Грачев вошел в кают-компанию. За столом, подвернув скатерть, сидел Серебряков и что-то писал в журнале. Чуть дальше, за маленьким столиком Голубев с кем-то играл в шахматы. (Зубравин уже сказал Грачеву, что Голубев и есть его начальство — флагманский связист.) Серебряков поднял голову:

— Ко мне? Присаживайтесь. Ознакомились с кораблем? Ну и как „Бодрый“?

— По душе… В лазарете там Новиков… Жаль парня, — тихо сказал Петр.

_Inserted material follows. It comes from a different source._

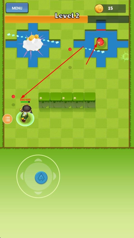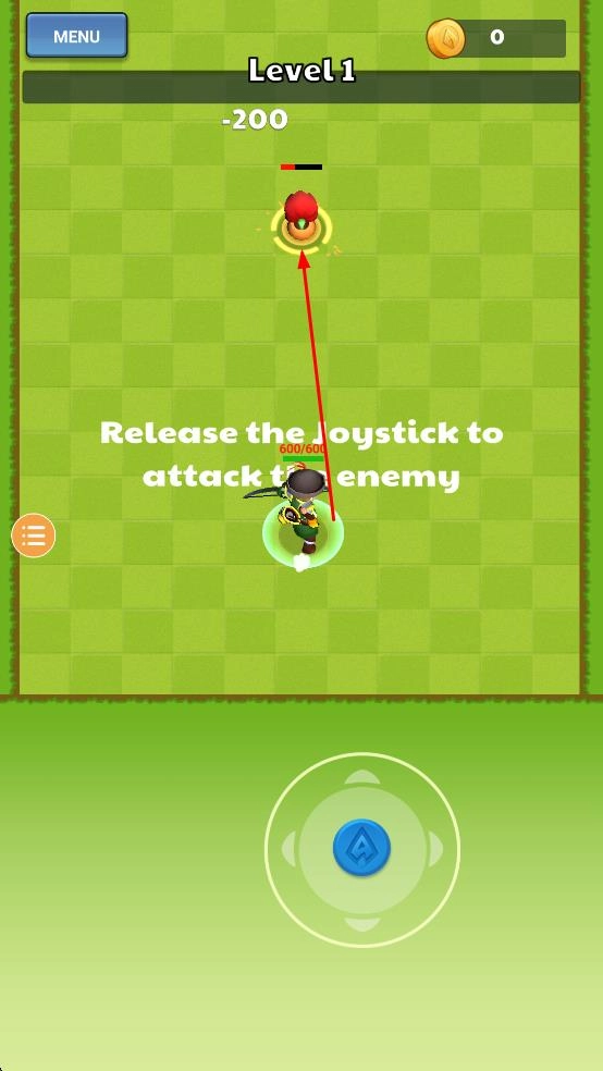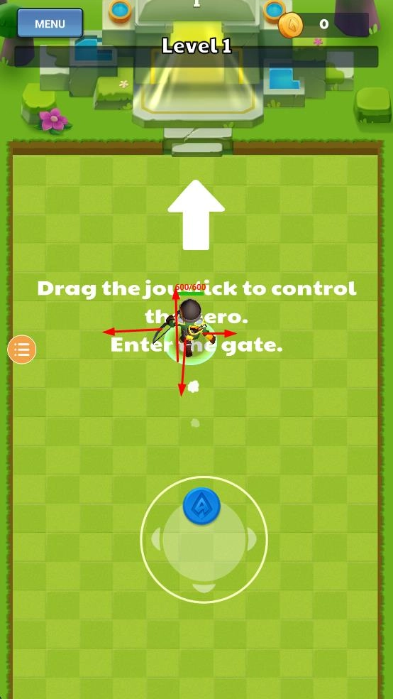 1、进入Level1界面,拖动下方虚拟摇杆控制英雄移动,依照箭头指引朝向目标区域,开启关卡进程。

Серебряков отложил в сторону журнал и ручку.

— На моих руках он…

…Был тогда сорок первый. Утром вернулись из ночного дозора, а тут приказ — забрать семьи офицеров и в Архангельск. Женщин, детей полным-полно, еле по кубрикам разместили. В море дважды налетали „юнкерсы“. Вдруг командиру доложили, что в кубрике женщина рожает. Прибежал корабельный доктор. Видит, лежит она на рундуке, глухо стонет. Мигом перенесли в лазарет. Кругом война, смерть вовсю разгулялась, а тут человек родился, наш человек! Подошли к порту. Неожиданно у роженицы начался приступ: побелела вся, глаза мутные-мутные. И как на грех, к пирсу подойти не удалось — отлив начался. Спустили шлюпку, женщину — в нее. Серебряков был за старшего, а Новиков сидел с малышом на корме. Только подошли к берегу, опять самолеты. Взрывом бомбы шлюпку перевернуло. Новиков с ребенком поплыл к берегу, а Серебряков с двумя моряками подхватил женщину — ее ранило в руку. Кровь так и хлещет. Выбрались на отмель. Сорвал с бескозырки ленточку и перехватил руку женщины повыше локтя. Когда самолеты скрылись за сопками, все услышали детский плач. Новиков лежит лицом вниз, а рядом малыш барахтается.

— Васю осколком в голову… — Серебряков сделал паузу, добавил: — Знал бы парнишка тот, кому жизнью обязан.

Грачев молчал. А капитан 2 ранга уже говорил о том, что мать потом ему писала, фамилию ее запамятовал… Сынишка подрастал. Все мужа она ждала — в Полярном на лодке плавал. Потом, после войны как-то еще от нее письмо получили на корабле, но Серебряков в то время уехал на курсы. Так потерял связь.